Learning / English Dictionary |
ALTERNATELY
Pronunciation (US): | (GB): |
I. (adverb)
Sense 1
Meaning:
In an alternating sequence or position
Example:
he planted fir and pine trees alternately
Classified under:
Pertainym:
alternate (occurring by turns; first one and then the other)
Context examples:
Then there was Monsieur Rudin, the French Royalist refugee who lived over on the Pangdean road, and who, when the news of a victory came in, was convulsed with joy because we had beaten Buonaparte, and shaken with rage because we had beaten the French, so that after the Nile he wept for a whole day out of delight and then for another one out of fury, alternately clapping his hands and stamping his feet.
(Rodney Stone, by Sir Arthur Conan Doyle)
How Henry would think, and feel, and look, when he returned on the morrow to Northanger and heard of her being gone, was a question of force and interest to rise over every other, to be never ceasing, alternately irritating and soothing; it sometimes suggested the dread of his calm acquiescence, and at others was answered by the sweetest confidence in his regret and resentment.
(Northanger Abbey, by Jane Austen)
He took out the two ears as he spoke, and laying a board across his knee he examined them minutely, while Lestrade and I, bending forward on each side of him, glanced alternately at these dreadful relics and at the thoughtful, eager face of our companion.
(The Memoirs of Sherlock Holmes, by Sir Arthur Conan Doyle)
He spread the pictures before him, and again surveyed them alternately.
(Jane Eyre, by Charlotte Brontë)
So, alternately beating and beaten, they made their dolorous way through the beautiful woods and under the amber arches of the fading beech-trees, where the calm strength and majesty of Nature might serve to rebuke the foolish energies and misspent strivings of mankind.
(The White Company, by Sir Arthur Conan Doyle)
Elinor was alternately diverted and pained; but Marianne persevered, and saw every night in the brightness of the fire, and every morning in the appearance of the atmosphere, the certain symptoms of approaching frost.
(Sense and Sensibility, by Jane Austen)
In his singular character the dual nature alternately asserted itself, and his extreme exactness and astuteness represented, as I have often thought, the reaction against the poetic and contemplative mood which occasionally predominated in him.
(The Adventures of Sherlock Holmes, by Sir Arthur Conan Doyle)
I should not allow, said Mr.

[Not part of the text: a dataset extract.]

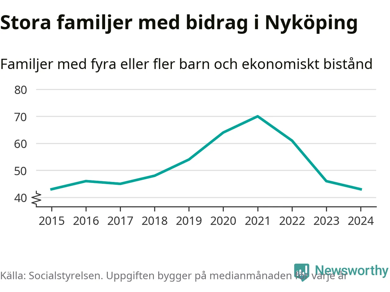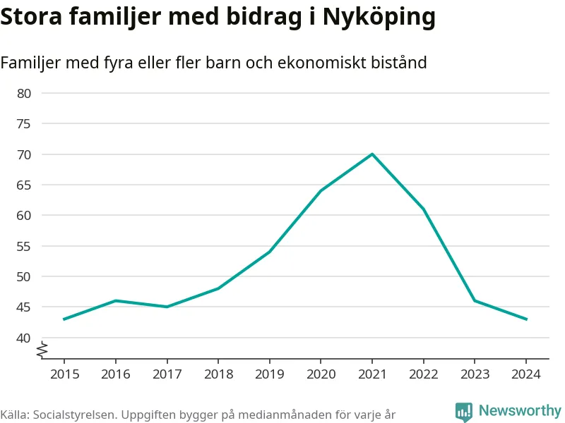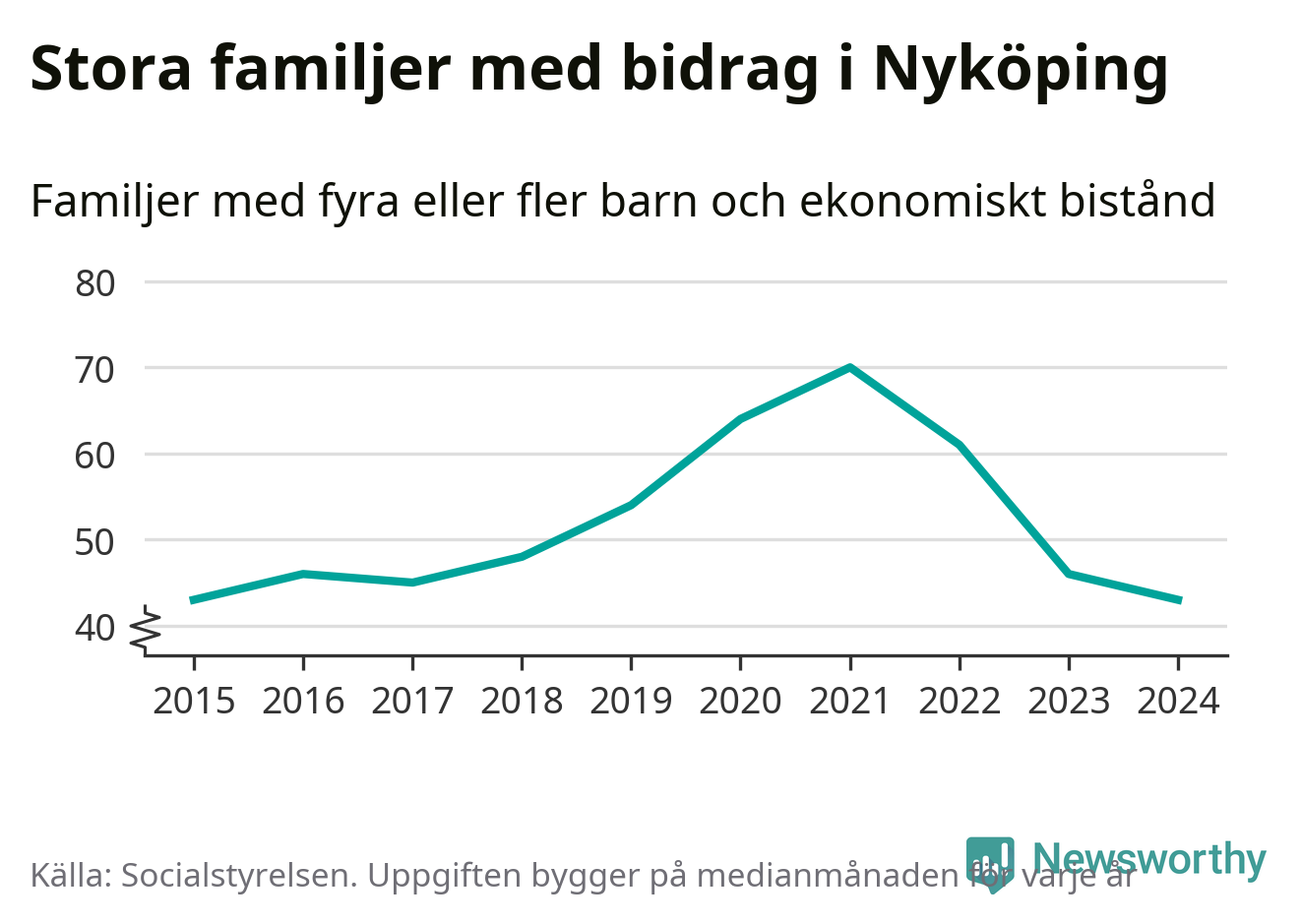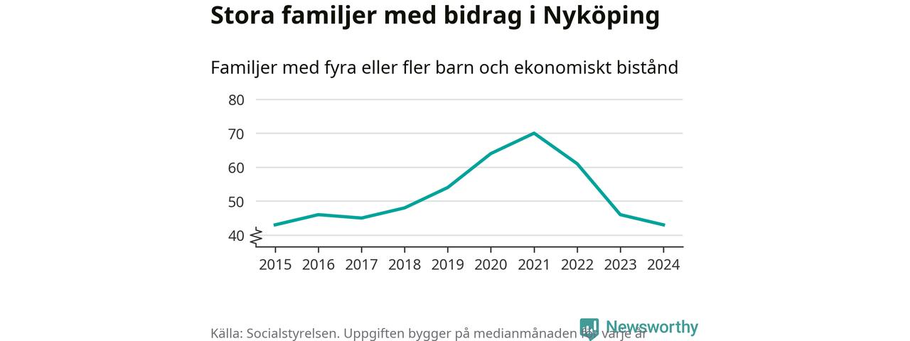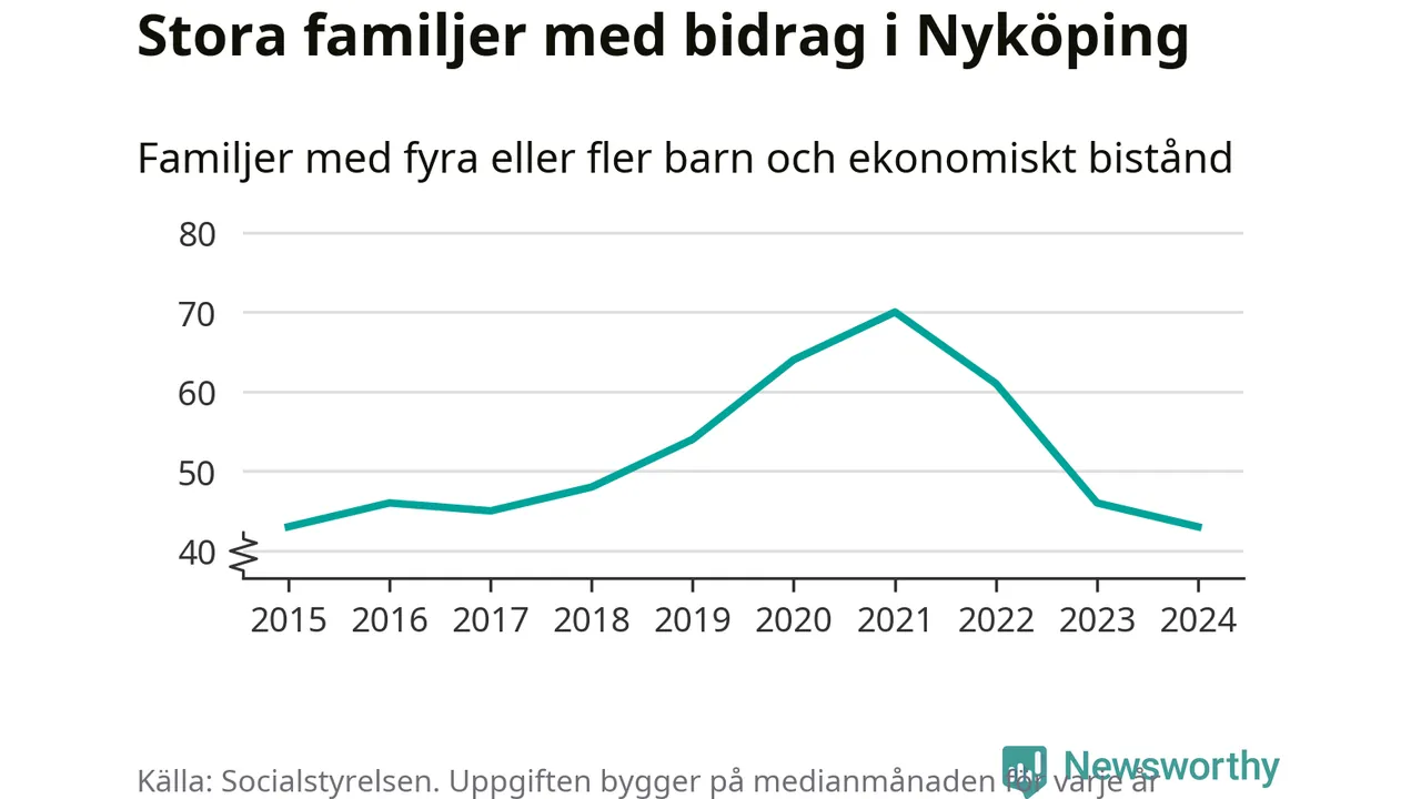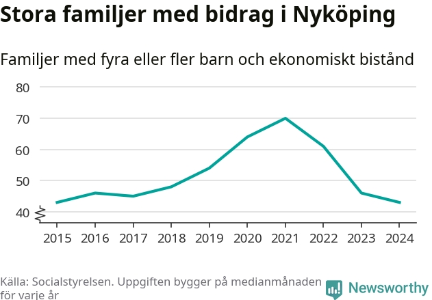 I Nyköpings kommun fick en högre andel av befolkningen ekonomiskt bistånd än de flesta andra kommuner i landet 2024. Sammanlagt 1 088 hushåll fick någon gång under året ekonomiskt bistånd, enligt Socialstyrelsens statistik. Av dem var 338 barnfamiljer. Vi har inte siffror på hur många unika familjer med fyra barn eller fler det handlar om, men enligt Socialstyrelsens preliminära månadsstatistik betalades ekonomiskt bistånd ut till mellan 37 och 47 familjer per månad under fjolåret – i snitt 43 familjer.

Spenlow, with an evident increase of pious sentiment, and slowly shaking his head as he poised himself upon his toes and heels alternately, my suitable provision for my child to be influenced by a piece of youthful folly like the present.
(David Copperfield, by Charles Dickens)
And then they had called her to a sofa, where she now sat, ensconced between them, chattering alternately in French and broken English; absorbing not only the young ladies' attention, but that of Mrs. Eshton and Lady Lynn, and getting spoilt to her heart's content.
(Jane Eyre, by Charlotte Brontë)
Aylward, with a fishing lass on either arm, was vowing constancy alternately to her on the right and her on the left, while big John towered in the rear with a little chubby maiden enthroned upon his great shoulder, her soft white arm curled round his shining headpiece.